De in lid 1 bedoelde gekwalificeerde persoon is houder van een universitair diploma in een of meer van de volgende exacte wetenschappen: farmacie, geneeskunde, diergeneeskunde, scheikunde, farmaceutische scheikunde en technologie, of biologie.
3.
De in lid 1 bedoelde gekwalificeerde persoon dient gedurende minstens twee jaar praktijkervaring te hebben opgedaan in één of meer ondernemingen met een fabricagevergunning en activiteiten te hebben verricht op het gebied van kwaliteitsborging van geneesmiddelen, kwalitatieve analyse van geneesmiddelen, kwantitatieve analyse van werkzame stoffen, alsmede proeven en controles die noodzakelijk zijn om de kwaliteit van diergeneesmiddelen te garanderen.

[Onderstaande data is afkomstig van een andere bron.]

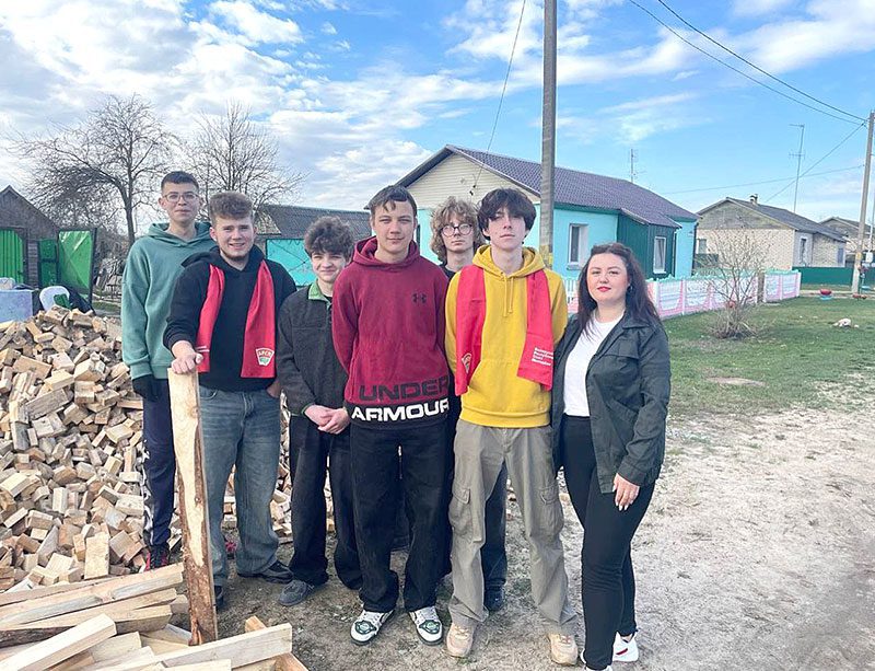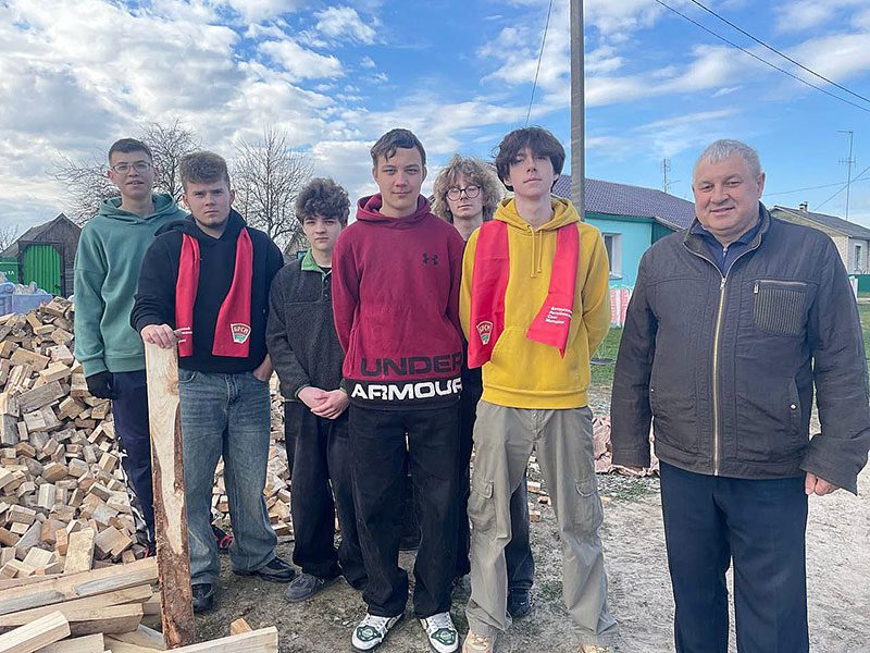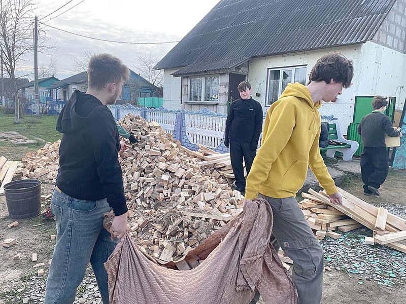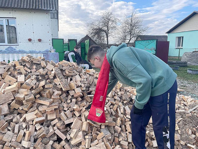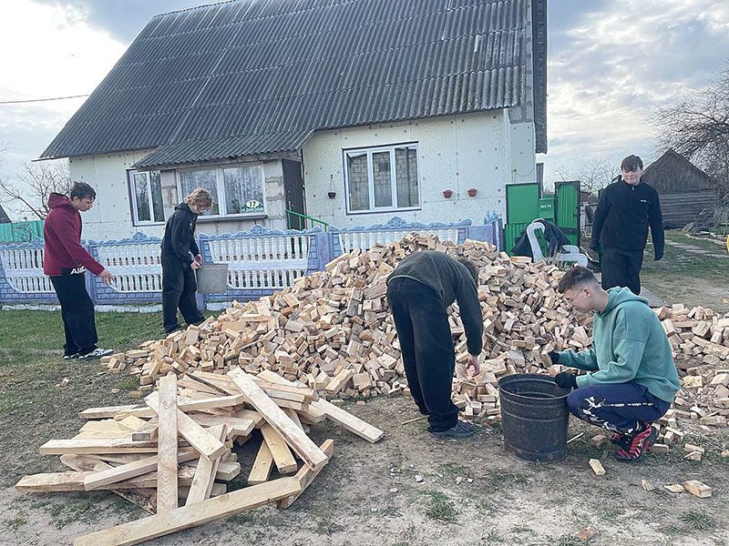 Под руководством руководителя военно-патриотического воспитания ГУО «Средняя школа № 3 г. Климовичи» Александра Волкова и председателя райкома ОО «БРСМ» Натальи Судиловской ребята быстро перенесли твердое топливо с улицы во двор, где аккуратно его сложили.

De in de eerste alinea vereiste duur van de praktijkervaring mag met één jaar worden verminderd wanneer de universitaire opleiding ten minste vijf jaar duurt, en met anderhalf jaar wanneer deze ten minste zes jaar duurt.
4.
Indien de houder van de vergunning voor de vervaardiging een natuurlijk persoon is die voldoet aan de in de leden 2 en 3 bedoelde voorwaarden, kan hij zelf de in lid 1 bedoelde verantwoordelijkheden op zich nemen.
5.
De bevoegde autoriteit kan passende administratieve procedures vaststellen om te controleren of een in lid 1 bedoelde gekwalificeerde persoon aan de in de leden 2 en 3 bedoelde voorwaarden voldoet.
6.
De in lid 1 bedoelde gekwalificeerde persoon zorgt ervoor dat elke partij diergeneesmiddelen wordt vervaardigd overeenkomstig goede praktijken voor de vervaardiging en getest overeenkomstig de bepalingen van de vergunning voor het in de handel brengen. Deze gekwalificeerde persoon stelt hiertoe een controleverslag op. Die controleverslagen zijn in de hele Unie geldig.
7.
Indien diergeneesmiddelen worden ingevoerd, zorgt de in lid 1 bedoelde gekwalificeerde persoon ervoor dat elke ingevoerde productiepartij in de Unie een volledige kwalitatieve en kwantitatieve analyse van ten minste alle werkzame stoffen heeft ondergaan alsook alle andere tests die nodig zijn om de kwaliteit van de diergeneesmiddelen te waarborgen in overeenstemming met de voorschriften van de vergunning voor het in de handel brengen, en dat de vervaardigde partij voldoet aan goede praktijken voor de vervaardiging.
8.
De in lid 1 bedoelde gekwalificeerde persoon houdt registers bij voor elke vrijgegeven productiepartij. Die registers worden bijgewerkt naarmate de activiteiten worden uitgevoerd en blijven steeds tot één jaar na de uiterste gebruiksdatum van de partij of ten minste vijf jaar vanaf de registratie, indien dat langer is, ter beschikking van de bevoegde autoriteit.
9.
Indien diergeneesmiddelen die in de Unie zijn vervaardigd, worden uitgevoerd en nadien weer uit een derde land in de Unie worden ingevoerd, is lid 6 van toepassing.
10.
Indien diergeneesmiddelen worden ingevoerd uit derde landen waarmee de Unie overeenkomsten heeft gesloten betreffende de toepassing van normen inzake goede praktijken voor de vervaardiging die ten minste gelijkwaardig zijn aan de normen die overeenkomstig artikel 93, lid 2, zijn vastgesteld en indien is aangetoond dat de in lid 6 van dit artikel bedoelde tests in het land van uitvoer zijn verricht, kan de gekwalificeerde persoon het in lid 6 van dit artikel bedoelde controleverslag opstellen zonder dat de in lid 7 van dit artikel bedoelde noodzakelijke tests zijn uitgevoerd, tenzij de bevoegde autoriteit van de lidstaat van invoer anders besluit.